Usually, however, with notable exceptions, the good angels in the Bible either appear as announcers of God's will, or as creatures who praise and worship him. What we might call the more magical activity of angels with the world (much loved by Hollywood) are more to be found in the Apocrypha (notably "Tobias and the Angel") than in the canonical scriptures.

What is interesting about the Christmas narratives of the birth of Jesus is that we read both of announcing angels and praising ones. Talking of angels generically, the great Protestant theologian Karl Barth, once claimed that angels are "ontologically weak". By that he meant that they are not so important in themselves, but significant only as messages from God. In the gospel of Matthew, for example, Joseph is assured by an angel in a dream that it is right for him to marry Mary even though she is pregnant. Later, also in a dream, he is warned by an angel to flee with his wife and child to Egypt to escape the wrath of Herod. The angels in these reports have nothing to say on their own account but are important only as heavenly postmen who deliver messages on time to the right person in the right place.

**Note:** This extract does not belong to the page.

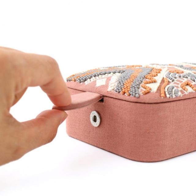 商品詳細:エスニック調でパステルカラーのビーズ刺繍小物入れ。雑多になりがちなネックレスや腕時計などのアクセサリーを入れたり、ギフトボックスとしてもおすすめ。 生産国:インド 素材・材質:コットン・ビーズ・MDF 商品サイズ:約11×16×H5cm

Greater angelic engagement can be found in St Luke's gospel where we read that God sent the angel Gabriel to Mary in Israel to prepare her for the divine conception. This was not just a courtesy call, but a wooing of Mary by God via an emissary who waits for Mary's consent before, as it were, he takes her answer back to God. In the Orthodox Church there is a sense that the whole of creation is hushed as it waits upon the reply of the girl who will freely choose to become the mother of God.

In the second chapter of Luke we have a remarkable passage where an angel appears in the heavens with a multitude of supporters, not to tell the world about the birth of God but to announce it privately to a small group of Shepherds. The Kontakion of the Orthodox Church for Christmas Day depicts the invisible and visible world joining together in wonder and praise at the miraculous birth: "Angels and shepherds sing glory . . . since for our sake hath come as a newborn child he who from all eternity is God".

In the Orthodox Church angels continue to be taken seriously outside the Christmas season. From childhood members are encouraged to talk to their guardian angel as helper and protector of their bodies and souls. To the Orthodox faithful angels are not so much messages, or messengers, but heavenly intermediaries, like the saints, who continually pray for us and commune with God. Talking to angels is not necessary for salvation, nor is it a compulsory component of Orthodox life; it is simply a normative practice that proceeds on the belief in God's good creation and His bounty and providence for the world. Angels in other words are naturally accepted as part of the created order and are no more odd than the existence of human beings or inanimate matter.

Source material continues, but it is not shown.